The entire listing that follows must be repeated exactly, pictures excluded.

Information supplied =>

= Beginning of Section =

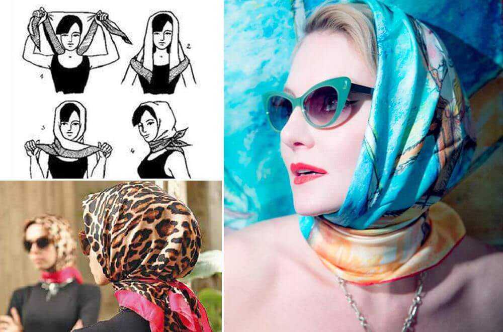 Сегодня можно встретить множество разнообразных способов завязывания платка на голове. Однако, этим летом самыми модными считаются схемы, которые представлены ниже.
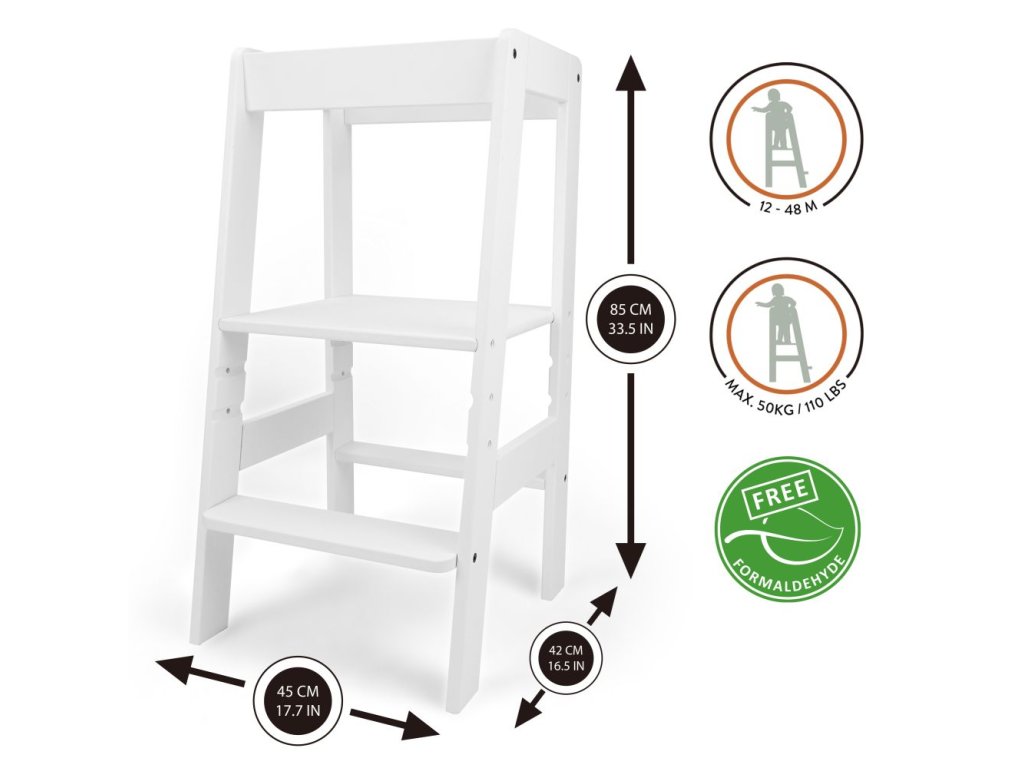 3. Dítě může vylézt na výukovou věž samostatně, schod od podlahy je ve výšce 20 cm, což pomáhá dítěti dostat se na věž
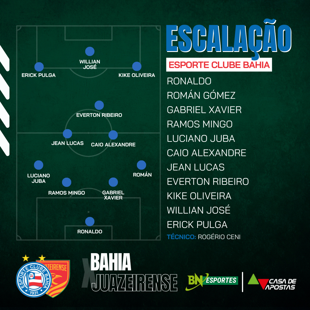 Bahia: Ronaldo; Roman Gomez, Gabriel Xavier, Ramos Mingo e Luciano Juba; Caio Alexandre, Jean Lucas e Everton Ribeiro; Kike Oliveira, Erick Pulga e Willian José. Técnico: Rogério Ceni.
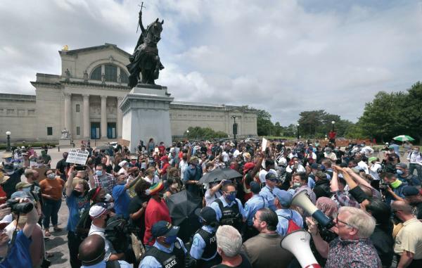 27 giugno 2020. Una folla inferocita di militanti di Black Lives Matter ha preso d’assalto la statua di San Luigi IX, Re di Francia, che campeggia a Saint Louis, capitale del Missouri. Al suon di tamburi tribali, i manifestanti hanno gridato anche oscenità e utilizzato bombolette di vernice per vandalizzare il monumento.

= End of Section =

Your response =>
 Сегодня можно встретить множество разнообразных способов завязывания платка на голове. Однако, этим летом самыми модными считаются схемы, которые представлены ниже.
 3. Dítě může vylézt na výukovou věž samostatně, schod od podlahy je ve výšce 20 cm, což pomáhá dítěti dostat se na věž
 Bahia: Ronaldo; Roman Gomez, Gabriel Xavier, Ramos Mingo e Luciano Juba; Caio Alexandre, Jean Lucas e Everton Ribeiro; Kike Oliveira, Erick Pulga e Willian José. Técnico: Rogério Ceni.
 27 giugno 2020. Una folla inferocita di militanti di Black Lives Matter ha preso d’assalto la statua di San Luigi IX, Re di Francia, che campeggia a Saint Louis, capitale del Missouri. Al suon di tamburi tribali, i manifestanti hanno gridato anche oscenità e utilizzato bombolette di vernice per vandalizzare il monumento.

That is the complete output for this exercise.